Но время шло, и не реже двух раз в месяц, а то и каждую неделю преподобный Мак-Миллан навещал Клайда в тюрьме, расспрашивал о его самочувствии, выслушивал его жалобы, давал советы, касавшиеся физического и душевного равновесия. И Клайд, боясь лишиться этого участия и этих встреч, все больше и больше поддавался его дружескому влиянию. Высокий дух этого человека. Его чудесный голос. И всегда он находит такие льющиеся в душу слова: «Братья, все мы – чада господни. И неведомо еще, чем мы будем; знаем только, что, когда он придет, будем подобны ему, ибо увидим его, как он есть. И всякий, имеющий сию надежду на него, очищает себя, так как господь чист».

«Узнаем, что пребываем в нем, он же в нас, ибо он уделил нам от духа своего».

«Ибо нам есть цена».

«По собственной воле зачал он нас словом истины, и мы должны быть как бы первыми плодами среди созданного им. И всякое благо, и всякий совершенный дар дарован свыше и исходит от отца всех светов, который не ведает перемен, ни тени отклонения».

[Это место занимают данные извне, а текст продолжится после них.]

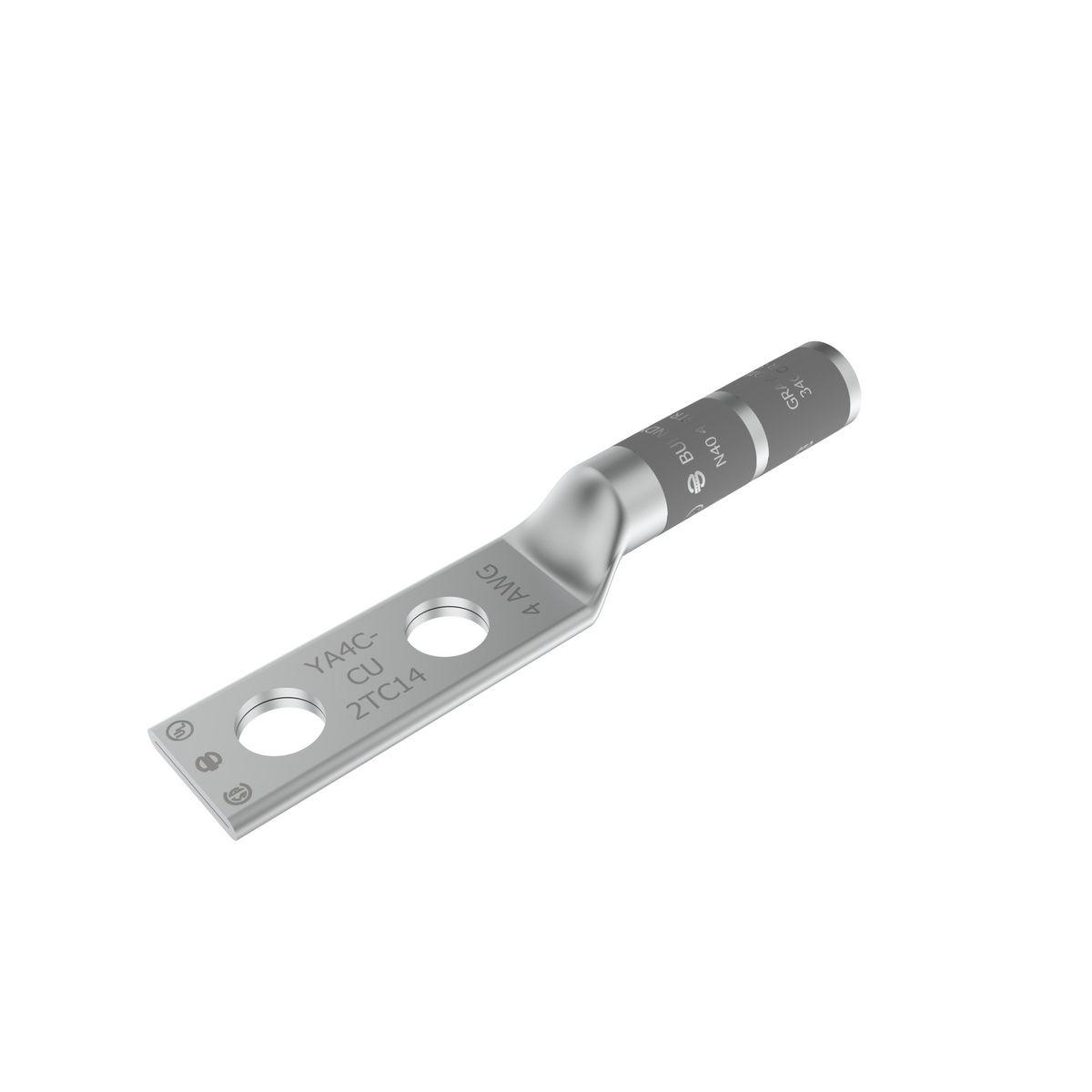 BURNDY® HYLUG™ Compression Lug, 2-Hole, Series: YA-2N, Stranded Copper Conductor, 4 AWG Conductor, Die Code: 8, 600 VAC to 35 kV, 1/2 in Stud, Standard Tongue, 0.81 in W Tongue, 4.45 in Overall Length, Long Barrel, 1.12 in L Barrel, 0.83 in W Pad, 1-3/16 in L Wire Strip, Tin-Electro Plated, 1-3/4 in Hole Spacing, 90 deg C, 0.52 in Mounting Hole, Tin Plated Copper, Gray
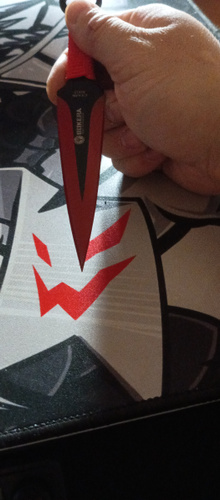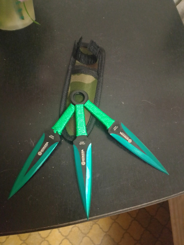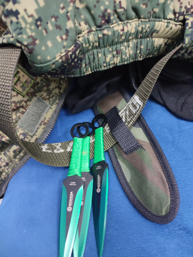 Рисунок лежит не ровно,краска слазит быстро,заточен не важно. В остальном красивый набор из трех штук,в камуфляжном чехле,с тремя ножнами. Наконечник заострен нормально. В дартсборд и бревна втыкается.
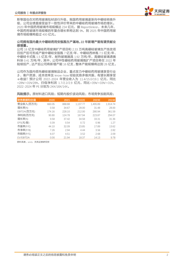 公司作为国内领先硼硅玻璃制品企业,重点发力中硼硅药用玻璃享受行业β,客户资源、成本效率及know-how经验优势多维共振,有望长期享受α收益!预计公司2022-2024年营业收入为11.4/15.0/19.1亿元,同比+28%/+31%/28%,归母净利润1.7/2.2/2.9亿元,同比+35%/+33%/+31%,2022-2024年PE分别为24X/18X/14X。
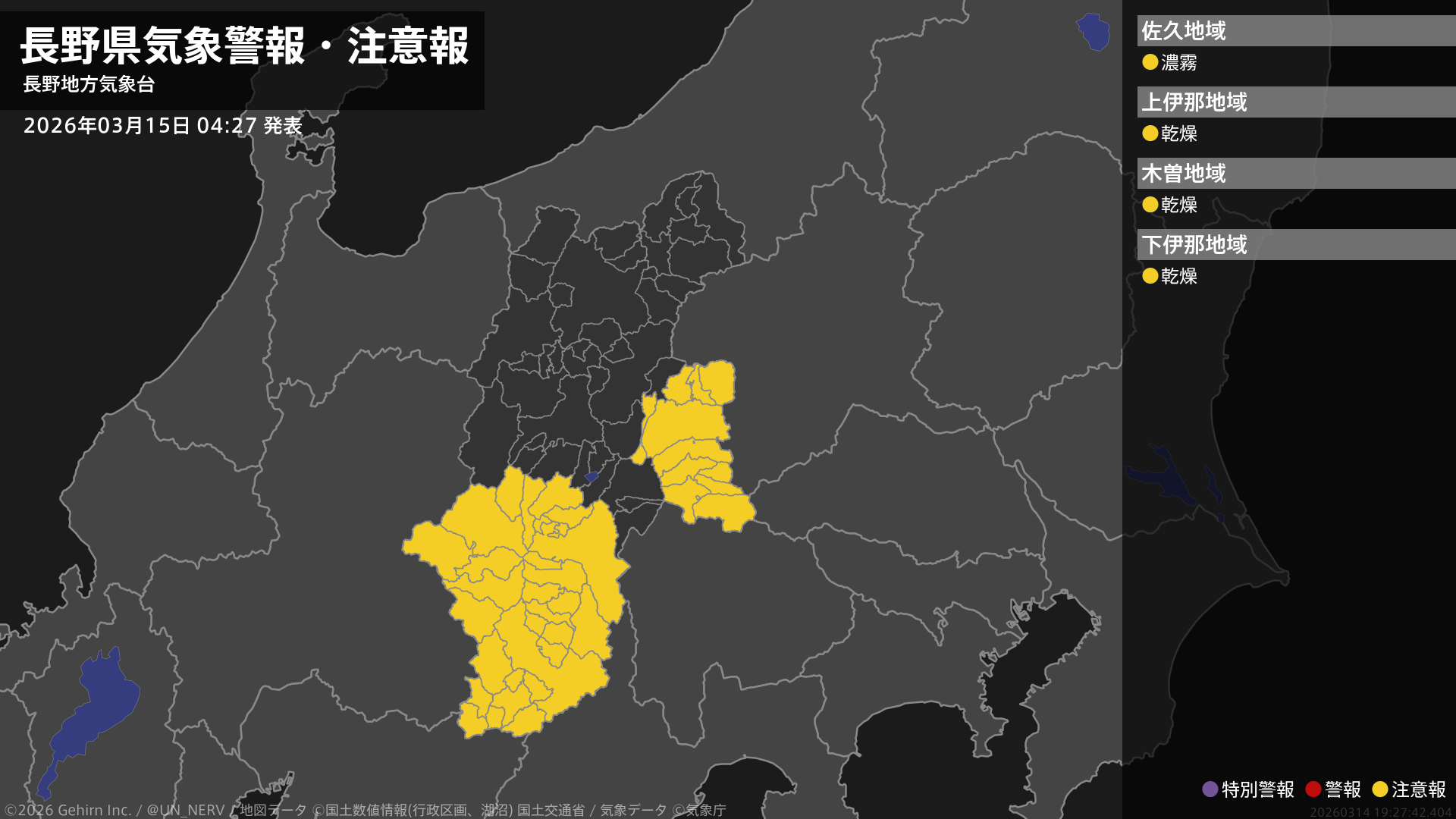 【長野県 気象警報・注意報 2026年03月15日 04:27】中部では、15日昼前まで濃霧による視程障害に注意してください。南部では、16日まで空気の乾燥した状態が続くため、火の取り扱いに注意してください。#気象警報注意報 #長野県
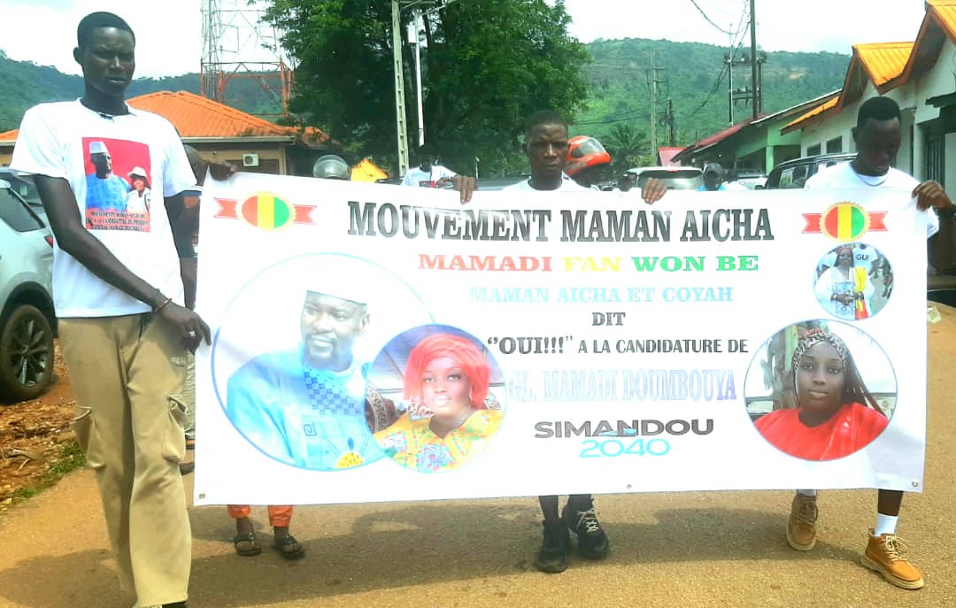 «Je suis vraiment comblé de joie et de motivation qui m’anime aujourd’hui pour cette journée de demande à la candidature du Général président Mamadi Doumbouya au prochain élection présidentielle du 28 décembre prochain. Nous sommes tous que le président ne peut pas se reculer en arrière il doit s’acquitter de tout pour continuer le travail qu’il a commencé pour le peuple de Guinée. Nous ne sommes pas spectatrices du changement, mais actrices de la transformation nationale, nous formulons un appel avec respect et confiance, au Président de la République à se présenter à l’élection présidentielle afin de poursuivre cette noble mission entamée pour la Guinée. Notre pays a besoin de stabilité, de continuité de vision et nous croyons que sous son conduit, la Guinée peut continuer à avancer sur la voie du développement, de la paix et de la prospérité », a déclaré la présidente du mouvement Maman Aïcha.
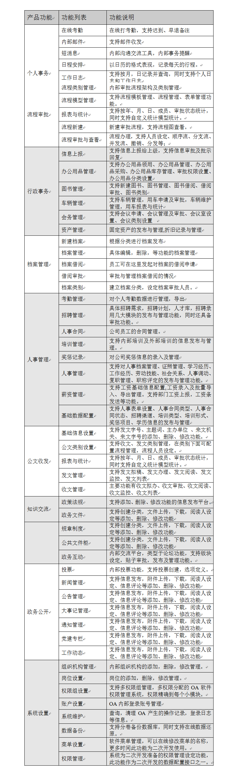 | OA基础功能 | 3800元 | 通讯录、个人文件柜、微消息、手机短信、个人设置、知识库、公共文件柜、网络硬盘、下载管理、企业圈、应用中心、系统信息设置、栏目设置、权限组管理、部门管理、岗位管理、账户管理、菜单管理、门户设置、权限表管理、消息模板 |
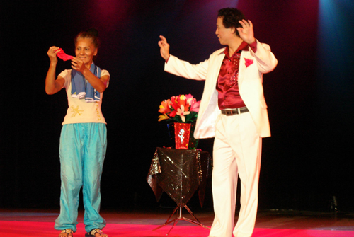 演出從活潑、歡快的空竹表演開始。藝術(shù)小組小演員們嫻熟地抖動(dòng)、拋起空竹的動(dòng)作,使現(xiàn)場不時(shí)爆發(fā)出熱烈的掌聲和歡呼聲。魔術(shù)演員敏捷的變幻手法則讓學(xué)生們睜大了好奇的眼睛。接下來的鉆桶、轉(zhuǎn)盤子節(jié)目,小演員們以風(fēng)趣幽默的表演和頂上、手上技巧表現(xiàn)出熱鬧的生活場景,引來學(xué)生們陣陣歡笑。柔術(shù)則以柔美的肢體語言和行云流水般的輕盈舞姿,獲得觀眾不停的贊嘆聲。壓軸的川劇變臉、吐火表演又讓觀眾領(lǐng)略了中國傳統(tǒng)戲曲藝術(shù)的獨(dú)特魅力。
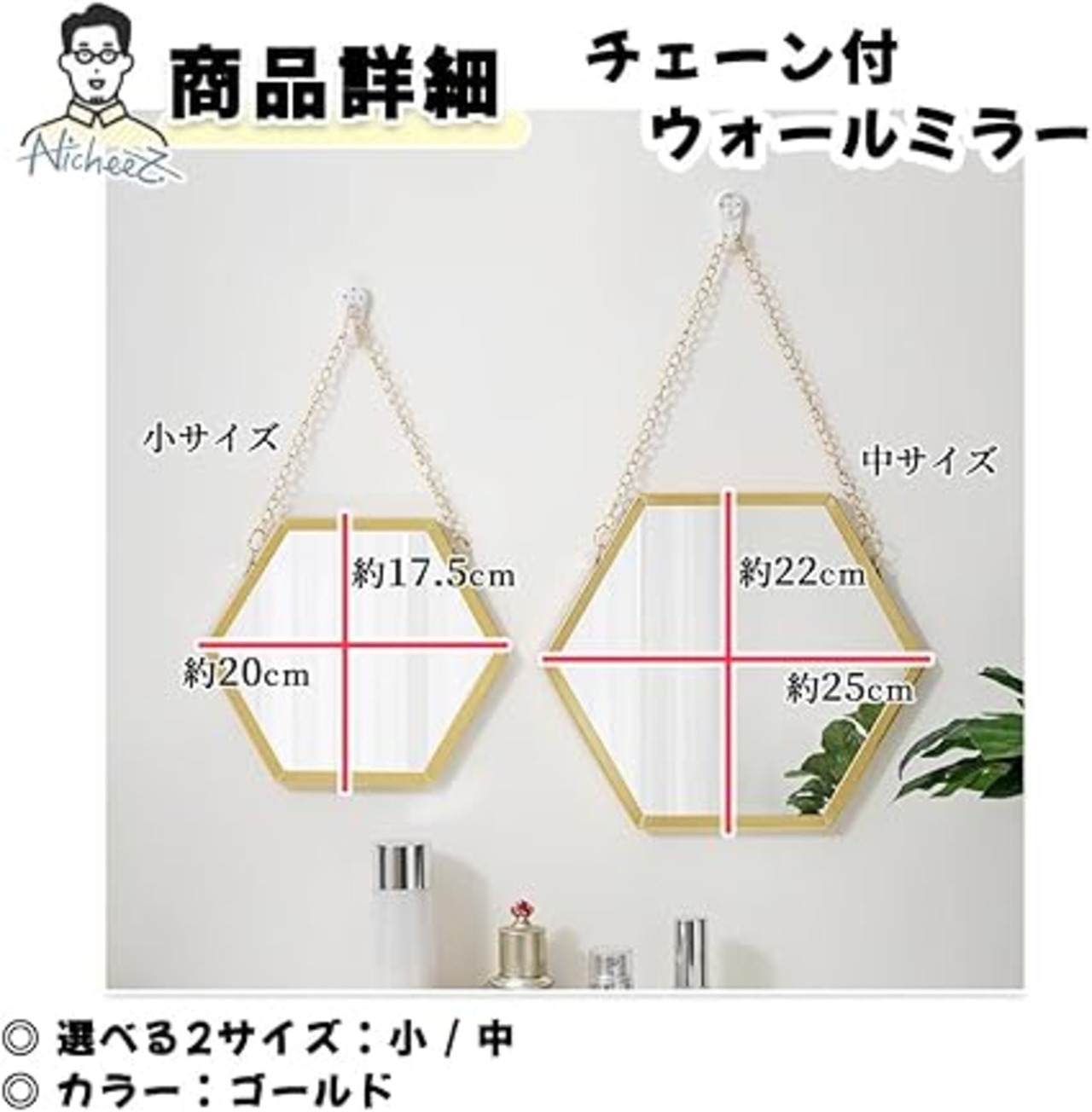 ・【商品内容】 チェーン付ウォールミラー カラー:ゴールド Sサイズ:縦/約17.5cm 横/約20cm Mサイズ:縦/約22cm 横/約25cm
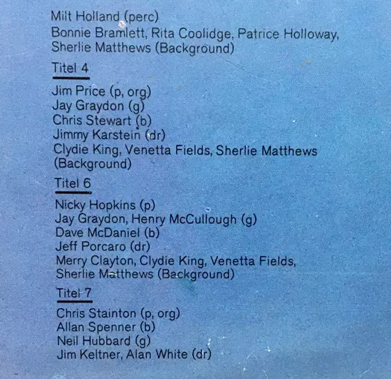 Backing Vocals Clydie King, Merry Clayton, Sherlie Matthews, Venetta Fields | Bass Dave McDaniel | Drums Jeff Porcaro | Guitar Henry McCullough, Jay Graydon | Piano Nicky Hopkins | Written-By Jim Price

«Приблизьтесь к господу, и он приблизится к вам».

Порой Клайд склонен был поверить, что, обратясь к этой силе, можно обрести мир и спокойствие, и даже – как знать? – реальную помощь. Так действовали на него настойчивость и целеустремленность преподобного Мак-Миллана.

Но вставал вопрос о покаянии и, следовательно, об исповеди. Кому же исповедаться? Преподобному Мак-Миллану, разумеется. Тот как будто чувствовал потребность Клайда излить свою душу перед ним – или кем-нибудь ему подобным, – посланцем божьим, духовным, но облеченным во плоть. Но здесь-то и возникала трудность. Как быть с теми ложными показаниями, которые он давал на суде и на которых была основана вся его апелляция? Отречься от них сейчас, когда апелляционной жалобе уже дан ход? Лучше подождать, посмотреть, к чему приведет апелляция.

Ох, как он жалок, лицемерен, изменчив, фальшив! Станет господь бог нянчиться с человеком, который вот так торгуется по мелочам. Нет, нет! Это тоже неправильно. Что подумал бы о нем преподобный Мак-Миллан, если бы мог прочесть его мысли?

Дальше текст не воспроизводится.